# GSD Female thrown from car



## oregongsdr111 (Nov 20, 2005)

We got a call this afternoon from a truck driver.
He was at a truck stop in California, when a fellow trucker witnessed a GSD being thrown from a car on the freeway.
The truckers risked life, and limb, to get her to saftey. They feel she may have been stolen. The driver from Oregon brought her here, and tended to her medical needs, vaccines, and now has asked for help placing her. I have not seen her, but if she is indeed a Purebred, I will post her photo tomorrow. This way if anyone has heard of a stolen dog in the area this dog was found, they can see her.
This truck driver sings her praises, and is really taken with her. His truck line will not allow a cab dog, or I think he would keep her.


----------



## VALIUM (Nov 15, 2007)

I can't believe how can a humanbeing can do this..I hate these kind of people..I hope the dog is doing good, really so sorry to hear that..


----------



## Fee (Jul 4, 2004)

Bless the kind trucker - must have been extemely difficult to get her to safety. 
Was the dog checked for micro chip? Any tatooes? 
Hope she will be O.K.!


----------



## oregongsdr111 (Nov 20, 2005)

I asked the same question. He says the vet did check for those things. I will also check when I get her this morning. The guys report that the kids looked like "gang" kids. That is why they think they were up to no good. They are concerned about her being stolen because she is so well trained, at a good body weight, and did not seem like a dog that would be tossed from a moving car by an owner. I told him you never really know?? I just hope she is really a GSD. The vet told him she looks to be a purebred. Watch her be a Border Collie!!


----------



## AbbyK9 (Oct 11, 2005)

How wonderful that these truck drivers were there and willing to help the poor dog get out of traffic - AND then take care of her vet bills and everything!!!

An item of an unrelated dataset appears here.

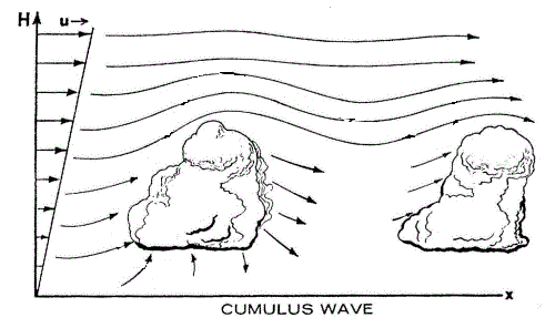 On the other hand, shallow convection is able to trigger so-called thermal waves. The vertical pulse of rising air acts similarly to a mountain barrier and obliges the air stream either to pass over the cumulus cloud or around it (figure 6).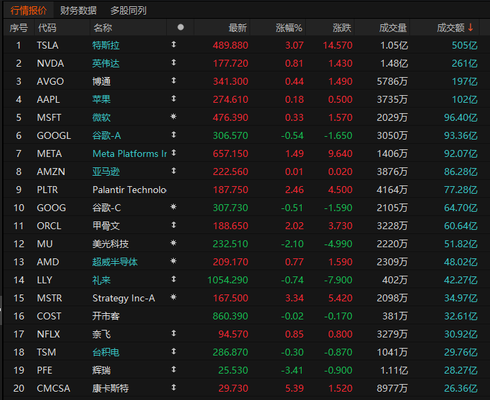 第3名博通收高0.44%,成交197亿美元。中信证券维持博通增持评级,目标价450美元:公司当季营收及下季指引超预期,AI业务增速亮眼,积压订单达730亿美元,新增大额订单。虽因AI成本上升致毛利率承压,但ASIC、Tomahawk 6放量及VMware合作深化将推动非AI业务复苏。基于FY2026年42x PE估值,上调目标价至450美元。

Let us know what comes of this.


----------



## oregongsdr111 (Nov 20, 2005)

I got her a few minutes ago. She is a beauty. We rescanned her and she does have a chip. She came from Animal Care and Control in L.A. California. The number is disconnected. I will post her later today : )


----------



## Fee (Jul 4, 2004)

Awww. Can't wait to see her pic. Thanks for the update!


----------



## Lakeguy929 (Jan 4, 2008)

Yeah, looking forward to her pic. Great story, hope all ends well.


----------



## Myamom (Oct 10, 2005)

LA Animal Care and Control has 6 shelters.....

http://animalcare.lacounty.gov/your%20dacc.asp


----------



## sd3567 (May 16, 2005)

I just read this posting. Any word on the poor dog?


----------



## oregongsdr111 (Nov 20, 2005)

Well...
She really liked me. Came right up, and licked me. She will follow any basic command I give her.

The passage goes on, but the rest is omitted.